ASSIGNMENT:
Beginning at the line that holds "达米安-切赫社媒晒出与富勒姆" and continuing to the last line of the data below, transcribe every line word for word, without pictures.

DATA BELOW:
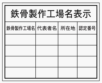 鉄骨製作工場名表示 HA8 クリーンエコボード製 400×500mm
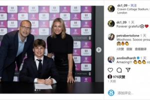 达米安-切赫社媒晒出与富勒姆的签约照片,他的父母出席签约仪式,达米安-切赫配文:“永远感恩。”
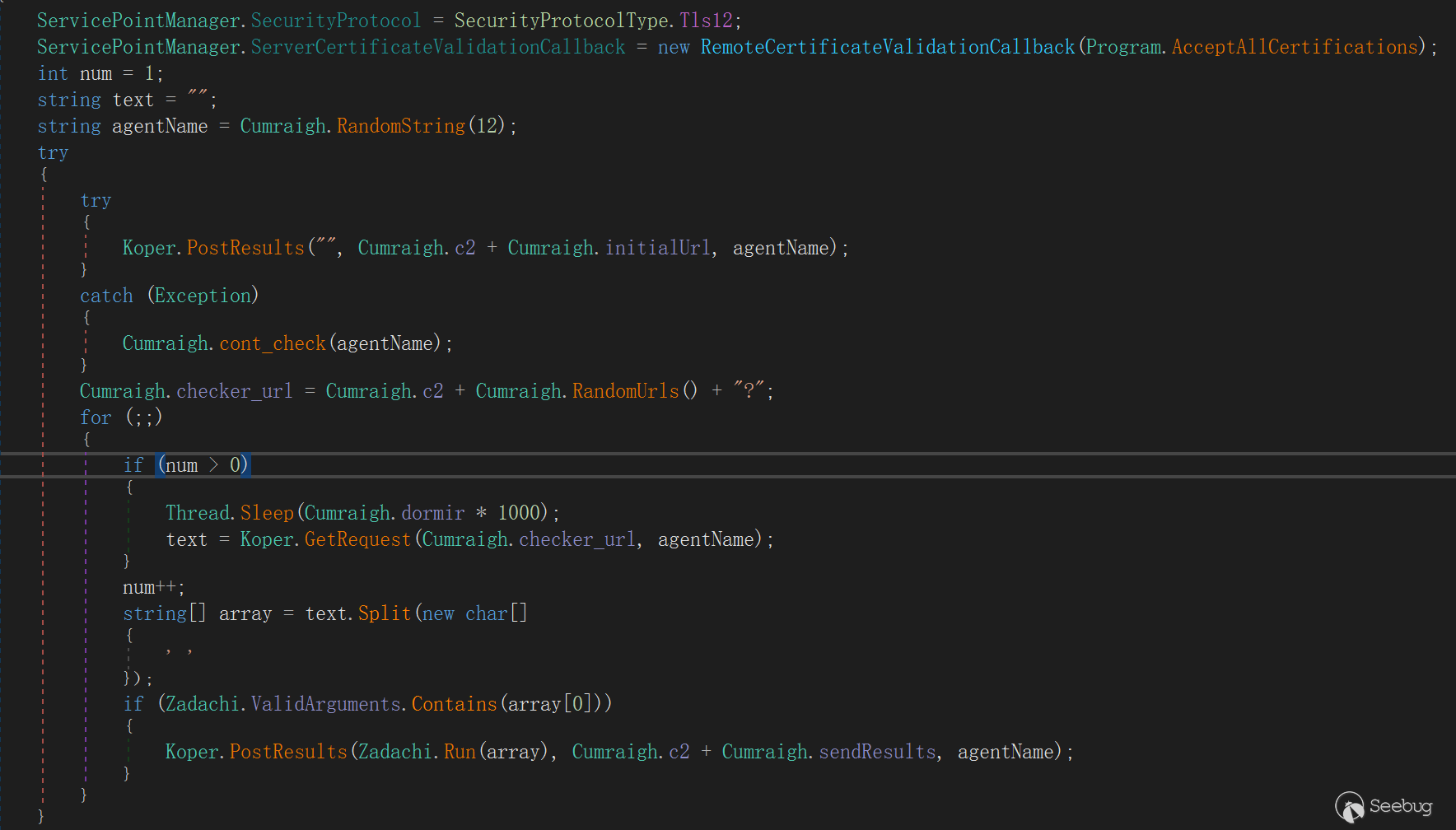 樣本會強制使用HTTPS(TLS1.2),當C&C為Http時則會退出。樣本運行首先隨機生成一個長度為12字節的ClientID,ClientID生成方式為從A-Z0-9范圍隨機選取12個字母或數字,生成ClientID后嘗試將ClientID發送到初始URL "https://xxx.xxx.xxx.xxx/jquery.js" Post,數據加密方式為XOR(KEY: "o")+Base64。
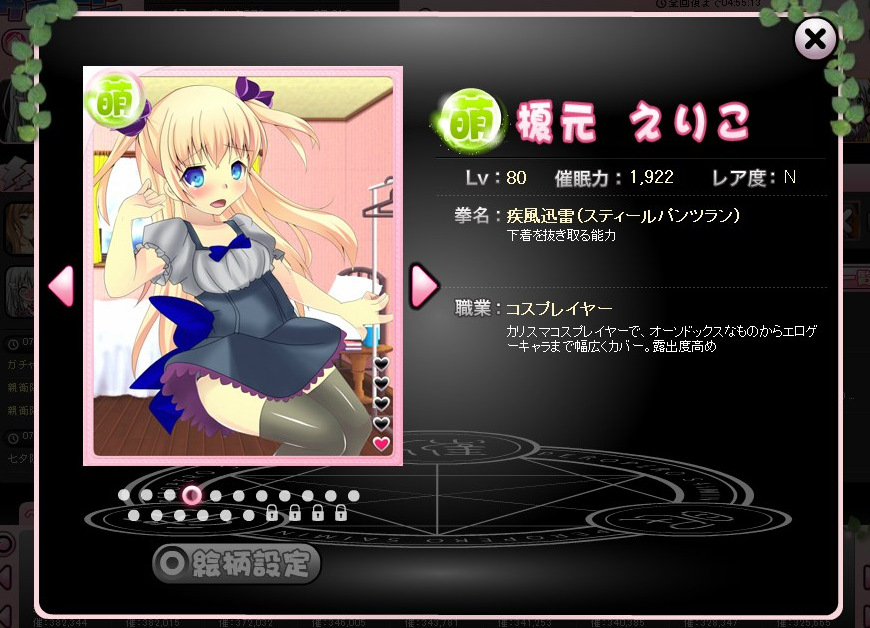 疾風迅雷・・・? その他(Online) 2013年07月23日 ペロペロ催眠の各キャラに設定されている拳名(とその効果)についてはアホらしい(褒め言葉)ものが多いですが、また笑っちまうのがあったので掲載 疾風迅雷!! おぉ、カッコイイな ・・・と思ったら効果とのギャップがものすごい でも、疾風のごとき素早さで抜き取る・・・ その光景を何となくイメージできてしまうからまた面白い 公式サイトの図鑑によると現在165名のキャラがいるようですが、ひとりひとりに拳名と効果が設定されています 別にプレイ中に発動するものではなく、キャラの個性みたいなもんだと解釈していますが、よくこれだけおバカな技を考えたものだと、感心しています(褒めています このスティールパンツランをググってみたら何か出てきたので、元ネタのあるものも多そうですけどね Amazon.co.jp ウィジェット Amazon.co.jp ウィジェット Amazon.co.jp ウィジェット[0回]

ANSWER AREA:
 达米安-切赫社媒晒出与富勒姆的签约照片,他的父母出席签约仪式,达米安-切赫配文:“永远感恩。”
 樣本會強制使用HTTPS(TLS1.2),當C&C為Http時則會退出。樣本運行首先隨機生成一個長度為12字節的ClientID,ClientID生成方式為從A-Z0-9范圍隨機選取12個字母或數字,生成ClientID后嘗試將ClientID發送到初始URL "https://xxx.xxx.xxx.xxx/jquery.js" Post,數據加密方式為XOR(KEY: "o")+Base64。
 疾風迅雷・・・? その他(Online) 2013年07月23日 ペロペロ催眠の各キャラに設定されている拳名(とその効果)についてはアホらしい(褒め言葉)ものが多いですが、また笑っちまうのがあったので掲載 疾風迅雷!! おぉ、カッコイイな ・・・と思ったら効果とのギャップがものすごい でも、疾風のごとき素早さで抜き取る・・・ その光景を何となくイメージできてしまうからまた面白い 公式サイトの図鑑によると現在165名のキャラがいるようですが、ひとりひとりに拳名と効果が設定されています 別にプレイ中に発動するものではなく、キャラの個性みたいなもんだと解釈していますが、よくこれだけおバカな技を考えたものだと、感心しています(褒めています このスティールパンツランをググってみたら何か出てきたので、元ネタのあるものも多そうですけどね Amazon.co.jp ウィジェット Amazon.co.jp ウィジェット Amazon.co.jp ウィジェット[0回]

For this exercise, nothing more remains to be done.